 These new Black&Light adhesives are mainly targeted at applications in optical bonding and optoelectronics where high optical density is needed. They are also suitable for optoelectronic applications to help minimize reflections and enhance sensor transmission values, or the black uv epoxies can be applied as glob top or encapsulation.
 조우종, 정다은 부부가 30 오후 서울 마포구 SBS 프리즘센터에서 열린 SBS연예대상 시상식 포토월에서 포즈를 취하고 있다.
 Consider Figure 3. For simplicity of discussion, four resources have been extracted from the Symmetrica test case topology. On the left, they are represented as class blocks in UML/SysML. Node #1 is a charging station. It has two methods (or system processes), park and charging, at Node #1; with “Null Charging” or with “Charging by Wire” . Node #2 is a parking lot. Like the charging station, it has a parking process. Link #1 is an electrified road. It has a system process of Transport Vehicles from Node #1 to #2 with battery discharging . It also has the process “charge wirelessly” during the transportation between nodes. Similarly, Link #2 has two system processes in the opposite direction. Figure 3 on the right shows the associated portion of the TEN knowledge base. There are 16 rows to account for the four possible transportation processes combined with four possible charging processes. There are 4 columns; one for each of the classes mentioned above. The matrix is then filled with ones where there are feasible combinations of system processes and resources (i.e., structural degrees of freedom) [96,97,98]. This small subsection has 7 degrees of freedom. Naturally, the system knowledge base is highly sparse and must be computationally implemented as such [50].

==

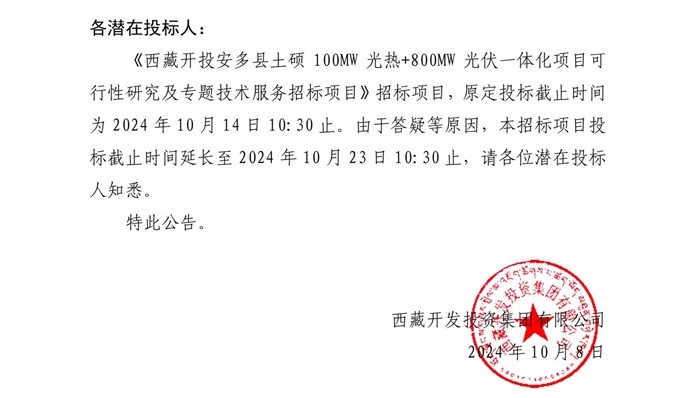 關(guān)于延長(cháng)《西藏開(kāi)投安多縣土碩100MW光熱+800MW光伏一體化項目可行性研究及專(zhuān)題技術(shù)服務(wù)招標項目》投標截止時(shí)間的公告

▶ _Work required_: Take exactly the lines from the one containing "These new Black&Light" through the one containing "조우종, 정다은 부부가" in the data above, and output them with nothing added.

▶ _Your response_:
 These new Black&Light adhesives are mainly targeted at applications in optical bonding and optoelectronics where high optical density is needed. They are also suitable for optoelectronic applications to help minimize reflections and enhance sensor transmission values, or the black uv epoxies can be applied as glob top or encapsulation.
 조우종, 정다은 부부가 30 오후 서울 마포구 SBS 프리즘센터에서 열린 SBS연예대상 시상식 포토월에서 포즈를 취하고 있다.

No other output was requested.